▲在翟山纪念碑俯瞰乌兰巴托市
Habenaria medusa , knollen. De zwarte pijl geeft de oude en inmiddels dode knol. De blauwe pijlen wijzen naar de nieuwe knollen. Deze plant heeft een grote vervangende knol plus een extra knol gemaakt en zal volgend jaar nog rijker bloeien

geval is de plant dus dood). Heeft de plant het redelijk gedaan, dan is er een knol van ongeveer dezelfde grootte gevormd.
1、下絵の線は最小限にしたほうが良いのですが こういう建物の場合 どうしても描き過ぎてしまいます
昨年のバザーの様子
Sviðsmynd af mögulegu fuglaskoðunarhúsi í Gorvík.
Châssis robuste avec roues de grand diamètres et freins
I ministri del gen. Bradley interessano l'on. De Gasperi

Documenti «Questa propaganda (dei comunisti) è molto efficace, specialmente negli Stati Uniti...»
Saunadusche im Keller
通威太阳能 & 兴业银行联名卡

━━━━━━━━━━

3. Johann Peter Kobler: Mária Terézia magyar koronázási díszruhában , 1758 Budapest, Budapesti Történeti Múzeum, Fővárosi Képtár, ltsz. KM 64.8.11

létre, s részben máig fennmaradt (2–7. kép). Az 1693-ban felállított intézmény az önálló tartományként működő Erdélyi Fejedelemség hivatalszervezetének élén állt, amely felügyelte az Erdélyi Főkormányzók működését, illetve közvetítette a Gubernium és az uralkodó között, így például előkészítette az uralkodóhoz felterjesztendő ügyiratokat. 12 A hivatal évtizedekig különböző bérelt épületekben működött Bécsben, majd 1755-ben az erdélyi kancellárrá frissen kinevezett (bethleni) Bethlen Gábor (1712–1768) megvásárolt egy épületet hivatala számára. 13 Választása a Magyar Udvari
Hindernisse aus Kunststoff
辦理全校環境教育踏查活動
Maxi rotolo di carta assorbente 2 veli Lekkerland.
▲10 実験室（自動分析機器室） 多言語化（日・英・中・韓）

━━━━━━━━━━

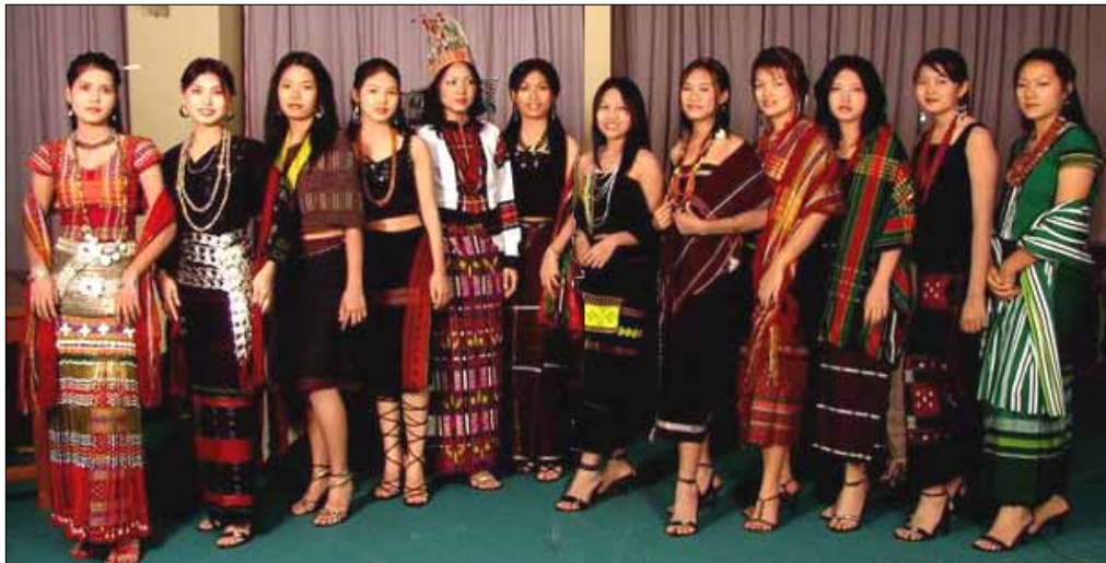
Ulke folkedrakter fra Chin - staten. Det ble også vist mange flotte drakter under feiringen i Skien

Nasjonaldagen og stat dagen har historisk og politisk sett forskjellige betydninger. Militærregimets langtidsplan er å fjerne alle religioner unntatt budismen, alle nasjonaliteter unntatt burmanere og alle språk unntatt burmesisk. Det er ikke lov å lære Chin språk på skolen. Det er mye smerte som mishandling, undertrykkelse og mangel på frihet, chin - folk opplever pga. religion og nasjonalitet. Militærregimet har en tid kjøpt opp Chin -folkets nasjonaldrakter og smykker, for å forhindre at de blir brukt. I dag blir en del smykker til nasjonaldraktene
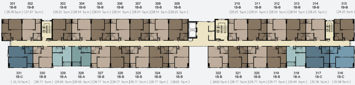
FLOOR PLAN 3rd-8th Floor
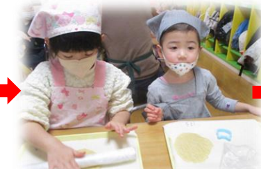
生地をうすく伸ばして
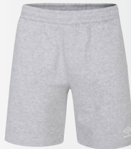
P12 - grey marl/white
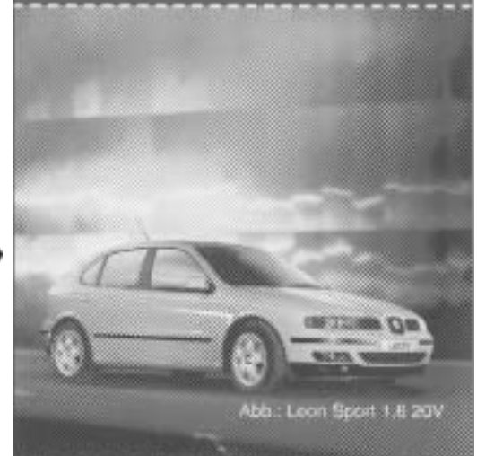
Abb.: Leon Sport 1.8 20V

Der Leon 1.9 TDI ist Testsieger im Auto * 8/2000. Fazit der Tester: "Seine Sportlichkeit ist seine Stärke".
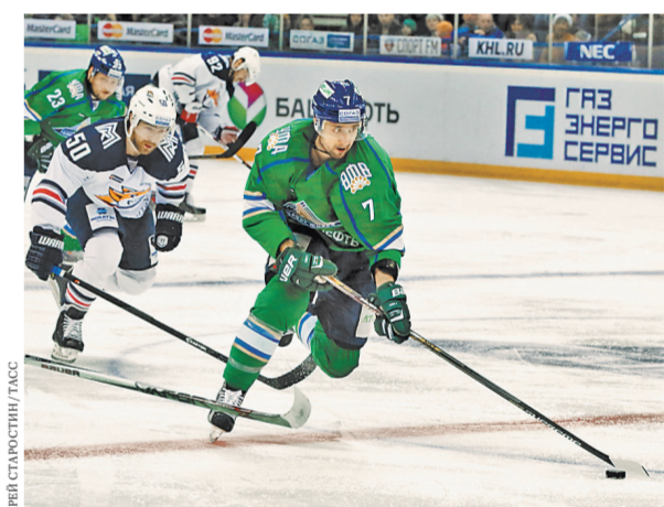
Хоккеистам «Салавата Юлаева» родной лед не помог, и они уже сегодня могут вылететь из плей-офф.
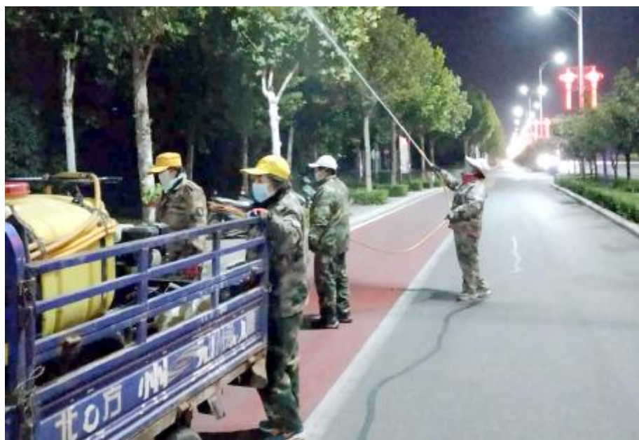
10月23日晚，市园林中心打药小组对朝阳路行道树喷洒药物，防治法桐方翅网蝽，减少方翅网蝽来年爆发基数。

━━━━━━━━━━

EXERCISE AIM. If a line in the records contains the word "knol", copy it.

SOLUTION.
Habenaria medusa , knollen. De zwarte pijl geeft de oude en inmiddels dode knol. De blauwe pijlen wijzen naar de nieuwe knollen. Deze plant heeft een grote vervangende knol plus een extra knol gemaakt en zal volgend jaar nog rijker bloeien
geval is de plant dus dood). Heeft de plant het redelijk gedaan, dan is er een knol van ongeveer dezelfde grootte gevormd.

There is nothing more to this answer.